▶ [YOUR INSTRUCTIONS]: The answer must be an exact copy of the entries below, with no images in it.

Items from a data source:
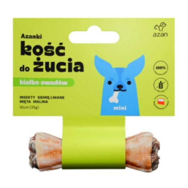 Azanki Kość do żucia Mini z insektami, siemieniem lnianym, miętą i maliną to wyśmienity przysmak dla dorosłych psów miniaturowych i małych ras, zaspokajający ich naturalną potrzebę gryzienia i żucia. Kości nie zawierają ostrych i kruchych elementów, stanowiąc bezpieczniejszą alternatywę dla rozmaitych gryzaków.
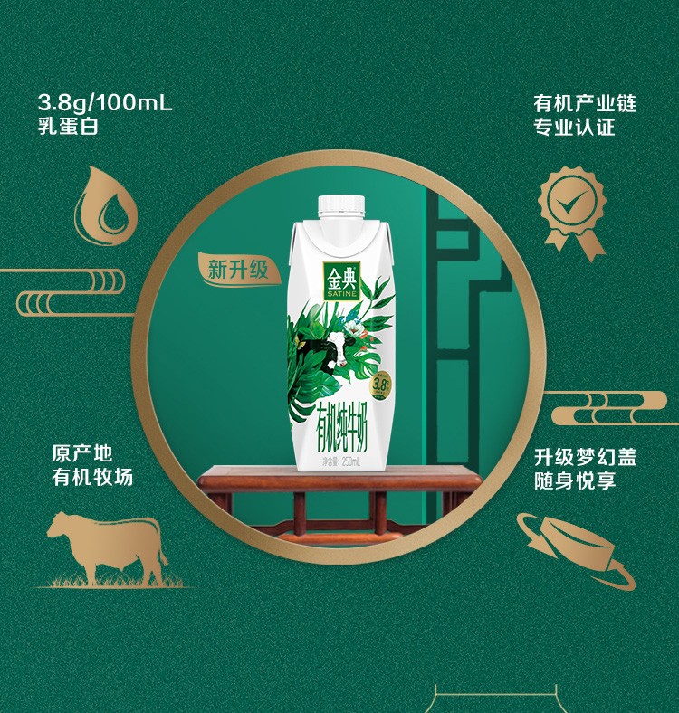 伊利 金典 有机纯牛奶 梦幻盖250ml*10盒/箱(礼盒装)3.8g升级乳蛋白 原生高钙 有机可追溯
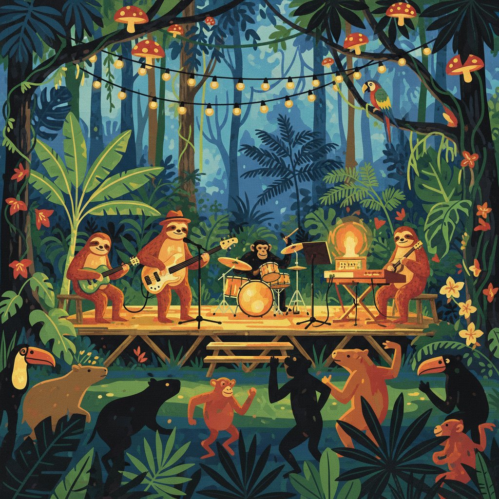 Transform your space with this captivating Vintage Rainforest Groove Concert Paint By Numbers kit. This unique design blends tropical vibes with groovy music culture. Create a stunning masterpiece that celebrates both nature and vintage concert art.
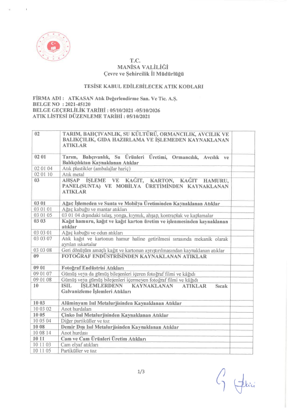 We operate with a certificate in our facilities where the collection and separation of non-hazardous and inert wastes are carried out.
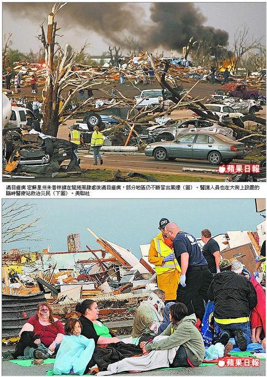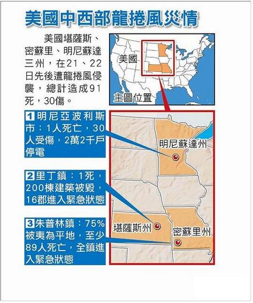 【歐陽梅芬╱綜合外電報導】上個月底美國阿拉巴馬等七州遭到龍捲風襲擊,造成逾330人死亡。不到1個月,美國中西部堪薩斯、明尼蘇達州和密蘇里州,在21、22兩日又先後遭龍捲風襲擊,總計造成91人死亡、30人受傷與龐大財產損失。其中密蘇里州朱普林鎮災情最慘重,死亡人數有可能攀升到100。
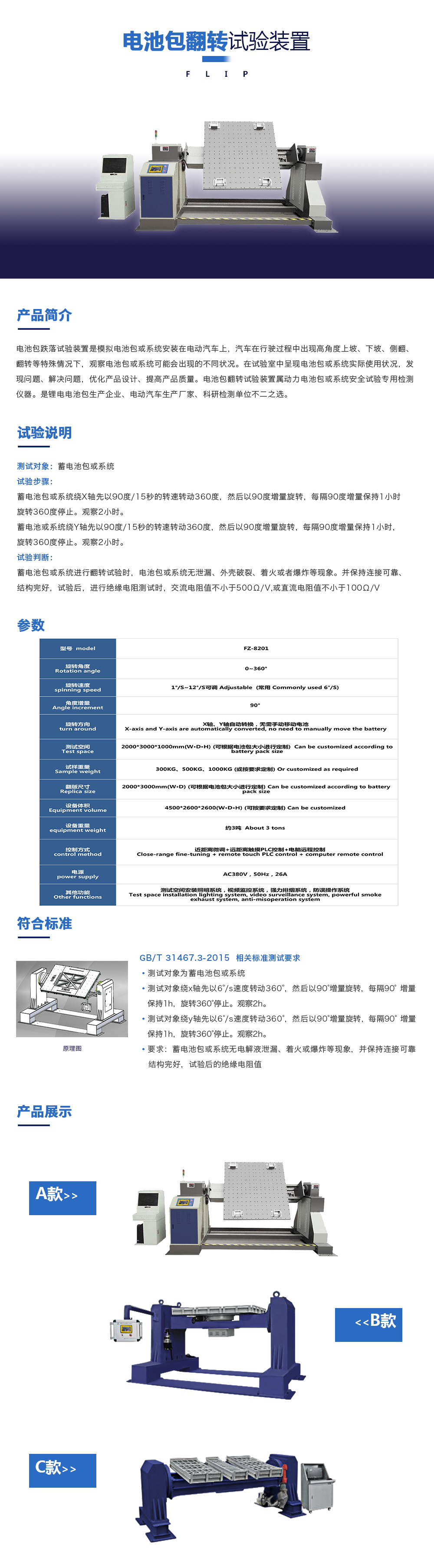 用途:電池包翻轉試驗臺是模擬電池包或系統安裝在電動汽車上,汽車在行駛過程中出現高角度上坡、下坡、側翻、翻轉等特殊情況下,觀察電池包或系統可能會出現的不同狀況。在試驗室中

▶ [RESULT OF THE EXERCISE]:
 Azanki Kość do żucia Mini z insektami, siemieniem lnianym, miętą i maliną to wyśmienity przysmak dla dorosłych psów miniaturowych i małych ras, zaspokajający ich naturalną potrzebę gryzienia i żucia. Kości nie zawierają ostrych i kruchych elementów, stanowiąc bezpieczniejszą alternatywę dla rozmaitych gryzaków.
 伊利 金典 有机纯牛奶 梦幻盖250ml*10盒/箱(礼盒装)3.8g升级乳蛋白 原生高钙 有机可追溯
 Transform your space with this captivating Vintage Rainforest Groove Concert Paint By Numbers kit. This unique design blends tropical vibes with groovy music culture. Create a stunning masterpiece that celebrates both nature and vintage concert art.
 We operate with a certificate in our facilities where the collection and separation of non-hazardous and inert wastes are carried out.
 【歐陽梅芬╱綜合外電報導】上個月底美國阿拉巴馬等七州遭到龍捲風襲擊,造成逾330人死亡。不到1個月,美國中西部堪薩斯、明尼蘇達州和密蘇里州,在21、22兩日又先後遭龍捲風襲擊,總計造成91人死亡、30人受傷與龐大財產損失。其中密蘇里州朱普林鎮災情最慘重,死亡人數有可能攀升到100。
 用途:電池包翻轉試驗臺是模擬電池包或系統安裝在電動汽車上,汽車在行駛過程中出現高角度上坡、下坡、側翻、翻轉等特殊情況下,觀察電池包或系統可能會出現的不同狀況。在試驗室中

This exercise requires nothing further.